Regia
Ridley Scott
Mercoledì 05 Novembre 2003 13:00
Alien
Il ventre squarciato
Di Sergio Di Lino

La versione inedita del primo episodio della saga
L’immagine più immediatamente riconoscibile e terrorizzante del primo Alien è quella dell’atroce morte di Kane, interpretato da John Hurt, letteralmente divorato dall’interno da un cucciolo di creatura aliena sviluppatosi nel suo organismo dallo stato embrionale fino ad assumere ferocia sufficiente da farsi strada all’interno di un altro organismo vivente, per poi vedere la luce... Un parto in piena regola.
Ma di parto maledetto si tratta, e i malcapitati astronauti che hanno la ventura di imbattersi in questa forma di vita primordiale ed evoluta al tempo stesso, brutale e sanguinaria, avranno modo di rendersene conto...
Reduce dal primo lungometraggio della sua ancor breve ma già luminosa carriera (quel The Duellists, sapido miscuglio di tragico, cavalleresco e teatro dell’assurdo), Ridley Scott si imbatte in uno script di per sé visionario e a suo modo estremo, tutto teso verso lo spostamento dei limiti della visione e del filmabile; in più si avvale della collaborazione di H.R. Giger, che trasforma le fattezze dell’alieno in un’opera concettuale malata; il suo background artistico fa il resto, e Alien, dietro le apparenze povere e fatiscenti di quella fantascienza "sociopolitica" che racconta non solo le glorie ma anche – e soprattutto – le miserie dei nuovi imperi del futuro (com’è lontano Star Trek, che pure poco prima aveva visto la sortita del suo primo spin-off per il grande schermo, diretto dal veterano Robert Wise...), si configura, a livello visivo, come un riuscitissimo esperimento sull’immagine e sullo sguardo, privati della loro verginità e soprattutto dell’allusione insita nel non-rappresentabile. Dunque, dopo una prima parte di attesa e di costruzione della suspense, Scott "violenta" letteralmente lo sguardo (il suo e quello degli spettatori), costringendolo a un tour de force visivo tanto affascinante quanto angoscioso. E il vuoto che ossimoricamente riempie la prima parte del film deflagra nella seconda in un’orgia di matericità estrema.
Forse, rivisto oggi, l’impatto del film, a livello puramente sensoriale, appare più blando rispetto a venticinque anni fa. Di sicuro è un segno dei tempi, ma ciò non toglie che l’abilità di Scott nel giocare con il non-visto per poi mostrarlo all’improvviso in tutta la sua raccapricciante mostruosità, destinandolo di fatto al dominio della scena. Verrebbe da dire che Scott non sarà mai più così bravo nel concepire lo spazio del profilmico come luogo del metafisico, sorta di limbo naturale e inconsapevole dove si aggirano, ferini e silenziosi, i fantasmi dell’inconscio.
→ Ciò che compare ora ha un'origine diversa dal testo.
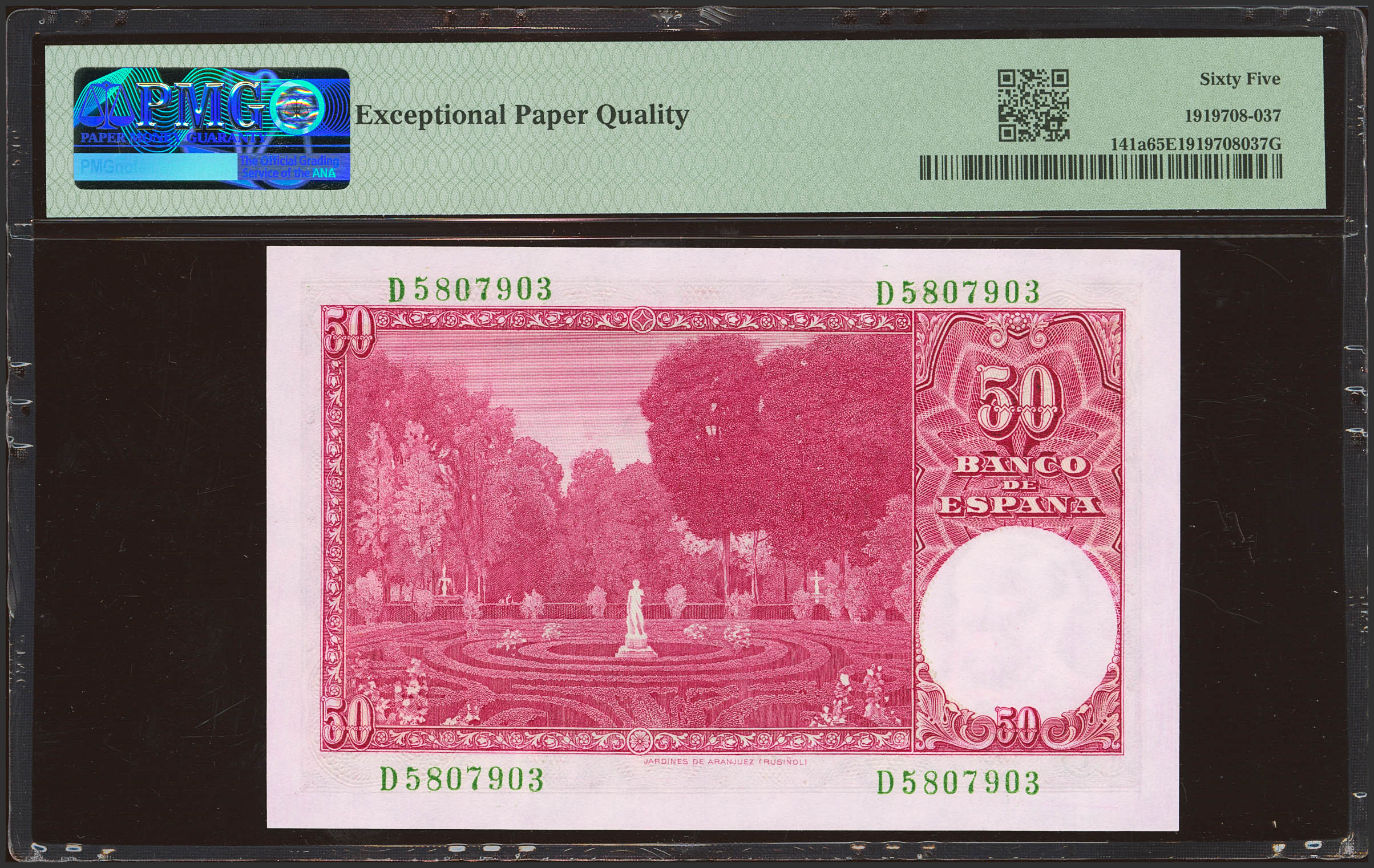 50 Pesetas. 31 de Diciembre de 1951. Serie D y a falta de la firma del cajero. (Edifil 2021: 462c, Pick: 141a). Rarísimo y más en esta excepcional calidad, apresto original. SC. Encapsulado PMG65EPQ

Ecco allora che la creatura, da ombra ammonitrice di marca post-espressionista, scorcio appena intravisto, di sfuggita, su un piano quasi subliminale, quasi un simulacro del terrore oscuro talmente raccapricciante da essere subito rimosso a livello conscio, nel suo farsi carne, nel suo porsi come l’evidenza materiale di una proiezione della mente, nel suo disvelarsi come pericolo tangibile e lacerante, mantiene (paradossalmente, o forse no…) una propria forza evocativa e trascendente, infine un proprio valore simbolico, quasi totemico. L’alieno come proiezione delle paure e delle pulsioni dell’Es, storia vecchia. Ma in Alien (e mai come in questo caso l’elementarità del titolo palesa una capacità di sintesi concettuale e allegorica di straordinaria profondità), il simulacro prende finalmente vita (in maniera sicuramente meno ecumenica e rassicurante che non in film come The Island Earth – Cittadino dello spazio di Joseph M. Newman, fantasioso apologo protospielberghiano e antimaccartista, e con un intensità sicuramente più viscerale che non nella trasposizione, corretta ma indolore, del classico di H.G. Wells War of the Worlds a opera di Byron Haskin), si ribella al suo creatore, ne fuoriesce letteralmente dalle viscere per reclamare la propria autonomia.
Dal canto suo, Scott attinge a piene mani dall’immaginario della fantascienza cinematografica dei decenni precedenti, ma li rielabora in un contesto di assoluta depurazione degli elementi più appariscenti, operando una scarnificazione della messa in scena che a tratti lambisce l’ascetismo. Dedicando idealmente il suo lavoro a tutti coloro che ritengono l’economia espressiva un’inconfutabile traccia di sterilità.